Example 2 45 g of malachite from Example 1, 600 g of formaldehyde (37% aqueous solution) and
2 g of CaCO ₃ was charged. A stream of acetylene containing 90% nitrogen by volume was passed through the vessel at a rate of 2 per minute. Reduce the pressure inside the container to 1.27 to 1.34 atm (4
~5 psig) and the temperature of the reaction mass was maintained at 70°-80°C. The carbon dioxide generated was vented to the outside.

Once the evolution of carbon dioxide had ceased, the contents of the vessel were cooled, removed from the vessel and washed with water.

The resulting copper acetylide complex was stored in water until used.

Example 3 A reactor was charged with 45 g of the copper acetylide complex of Example 2 and 600 ml of formaldehyde (15% aqueous solution). Acetylene was passed continuously through the vessel at a rate of 300 ml per minute and the pressure was maintained at approximately 1.34 atmospheres (5 psig). 37% of formaldehyde
A sufficient amount of aqueous solution was fed to the reactor to maintain the formaldehyde concentration at about 10% by weight.
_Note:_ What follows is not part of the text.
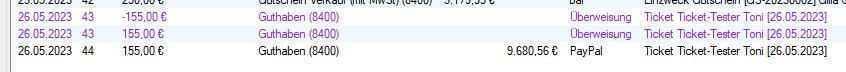 Damit stimmen die Summen in der Buchhaltung wieder. Die Bisherige Buchung (Beleg Nummer 43) ist neutralisiert und eine neue Buchung mit der Bezahlart PayPal wurde erzeugt.

Similarly, a saturated solution of sodium bicarbonate was continuously fed to the reactor to maintain the pH of the contents between 6.0 and 6.2. The product, 1,4-butynediol, was continuously removed by filtration.

After 100 hours of continuous use, the catalyst was removed from the reactor and analyzed by X-ray diffraction scanning. No metallic copper was detected, indicating that the catalyst was stable and useful.

Example 4 The method of Example 1 was repeated using 5.8 g of bismuth nitrate instead of 1.74 g.

The resulting malachite spheroidal aggregate is
It contained 4% by weight of homogeneously dispersed bismuth oxycarbonate.

These aggregates can be converted to copper acetylide catalysts as shown in Example 2, which are then converted into 1.4-
It can be used in the method shown in Example 3 to produce butyne diol.

Claims (1)

[Claims] 1. Substantially each of an aqueous solution of a cupric salt, an aqueous solution of a bismuth salt, and an aqueous solution of an alkali metal carbonate or alkali metal bicarbonate is sufficient to maintain the PH value of the mixture between 5.5 and 7.5. an amorphous gel-like hydrated copper carbonate is formed by combining the amounts under stirring at a temperature below about 55°C and then the mixture obtained above is heated to about 55°C without stirring.
1. A method for producing a copper acetylide complex, which comprises subjecting a spheroidal aggregate of basic copper carbonate crystals obtained by maintaining the temperature below °C as a slurry in an aqueous medium to the action of formaldehyde and acetylene. 2. The method of claim 1, wherein the cupric salt is cupric nitrate, the bismuth salt is bismuth nitrate, and the alkali metal carbonate is sodium carbonate.